Лев Гумилев, которому было уже 33 года, пережил многое. Арестовывали его три раза, он провел пять лет в заключении, потом жил на поселении, отпросился на фронт... Служил в артиллерийском полку, дошел до Берлина, имел медали. Вернулся домой, во флигель в Фонтанном доме, несколько дней назад. По этому поводу Анна Андреевна была в большом возбуждении, даже плакала. Она надеялась, что худшее — позади. Многие в том победном 45-м году на это надеялись... В квартире в Фонтанном доме Ахматова жила с 20-х годов. В остальных помещениях бывшего Шереметевского дворца помещались лаборатории и кабинеты Арктического научно-исследовательского института. Поэтому, чтобы попасть в свои комнаты, жильцы имели пропуска. Не лучшее место, где можно с кем-нибудь встретиться тайно. Но Ахматова ведь к этой встрече не готовилась, даже не загадывала о ней. По официальной версии (а есть много других), все произошло случайно.
Проведя два месяца в Москве, Исайя Берлин приехал в Ленинград. Здесь он посещал театры, отрабатывал обычную программу иностранца в СССР (правда, их в 1945 году практически не было) и скупал русскую классику. Берлин знал русский язык, ведь когда-то жил в Петрограде. Его отец, купец первой гильдии из рижских евреев, был владельцем лесных угодий в западных российских губерниях. Его семья эмигрировала в 1920 году... Много лет Исайя мечтал поехать в Россию и добивался визы. Сейчас Берлин наведывался по адресам старых мест жительства, узнавал дома, знакомые с детства... Охотник за разного рода литературными редкостями, он посетил книжный магазин близ Аничкова моста, это место было знаменито среди библиофилов.
Идея пойти к Ахматовой, по воспоминаниям самого Берлина, появилась так. «Я спросил Орлова (критик Владимир Орлов. — Прим. ред.) о судьбе писателей-ленинградцев. Он ответил: «Вы имеете в виду Зощенко и Ахматову?» Ахматова была для меня фигурой из далекого прошлого. Морис Баура, переводивший некоторые из ее стихов, говорил, что о ней не было слышно со времен Первой мировой войны. «А Ахматова еще жива?» — спросил я. «Да, конечно.

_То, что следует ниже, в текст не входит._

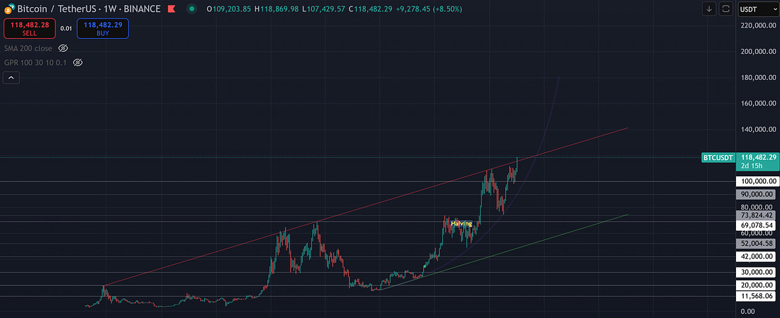 Bitcoin has broken above the last remaining resistance level at $116k and is now going into price discovery mode. For anyone who works in the industry, or has just been reading these newsletters for a while, it has been a long time coming. Four years ago we didn’t have Bitcoin ETF’s, Saylor’s seemingly unstoppable Bitcoin Strategy flywheel and governments following the US lead in a pivot to pro-crypto narratives. Blackrock’s IBIT Bitcoin ETF saw inflows of $448.5m yesterday alone, the second biggest day ever and I wouldn’t be surprised if they go higher today as we approach the end of the week. Wall Street fund managers are not immune to fomo. It’s an exciting time and I’d suggest a moment of euphoria as everyone who has ever purchased Bitcoin is now in profit. It wont always be like this, so let’s enjoy the good times and make hay while the sun shines. If Bitcoin continues it’s move up I expect it will capture attention and create the opportunity of a lifetime for traders, developers and founders who can profit and grow in their own ways from the reflexivity of the sector. Altcoins are still the key to unlocking this opportunity in my opinion and ETH/BTC is a litmus test for everything else. If mainstream attention comes back it will flow into alts as “Bitcoin is too expensive”. That might be governance tokens, memecoins, NFT’s or something entirely new that hasn’t been brought to market yet but whatever it is it will offer excitement and thrill of growing wealth fast. A word of caution that the higher this goes the more chance we see of a significant pull back and reversion back to four year cycle dynamics. A big blow off top at some point in the next 12 months would be wonderful but also a time for concern and risk adjustments. Have a plan, if you find yourself fortunate enough to be sat on life changing unrealised gains, don’t forget to take some chips off the table, do not give it all back to Mr Market. Bitcoin isn’t the only thing making all time highs with gold and stocks also putting in big moves. The other side of these pairs putting in all time lows against these asset classes is fiat. Our dollars, pounds and Euros are devaluing at an accelerating rate as the expansion of the money supply is big but questionably beautiful. Cash is trash assets are king and crypto has become a widely recognised asset class. If you’ve ever wanted to trade, build or work in the crypto sector now could be the time to capture the momentum. Social links are below and if you enjoyed this newsletter I would appreciate it if you could share this content |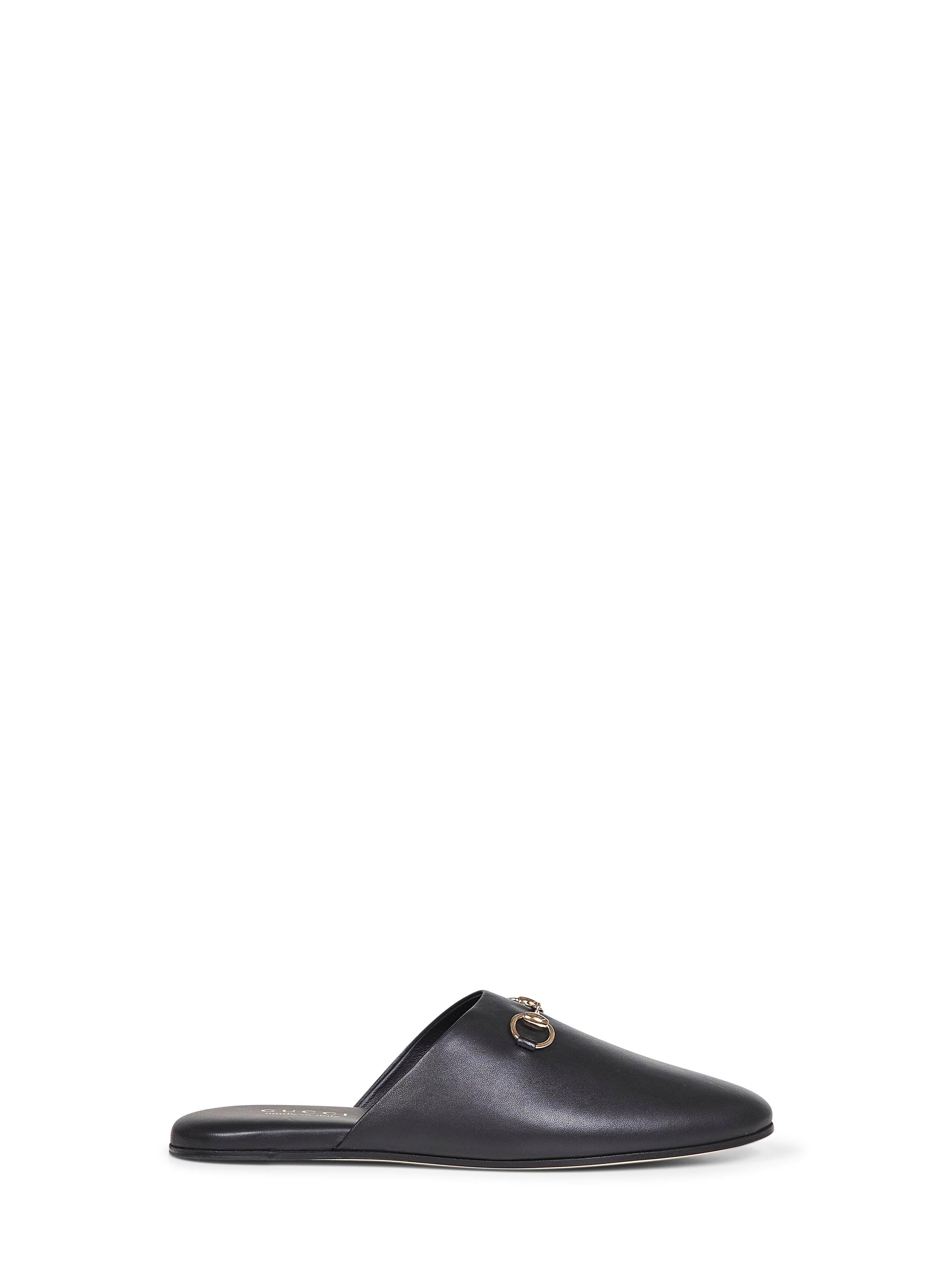 Gucci Women Black Nappa Leather Mules With Horsebit

Она живет недалеко отсюда, на Фонтанке... Хотите встретиться с ней?» Для меня это прозвучало так, как будто бы меня вдруг пригласили встретиться с английской поэтессой прошлого века мисс Кристиной Россетти. Я с трудом нашелся, что сказать, и пробормотал, что очень бы желал с ней встретиться. «Я позвоню ей», — ответил мой новый знакомец и возвратился с известием, что она примет нас часа в три».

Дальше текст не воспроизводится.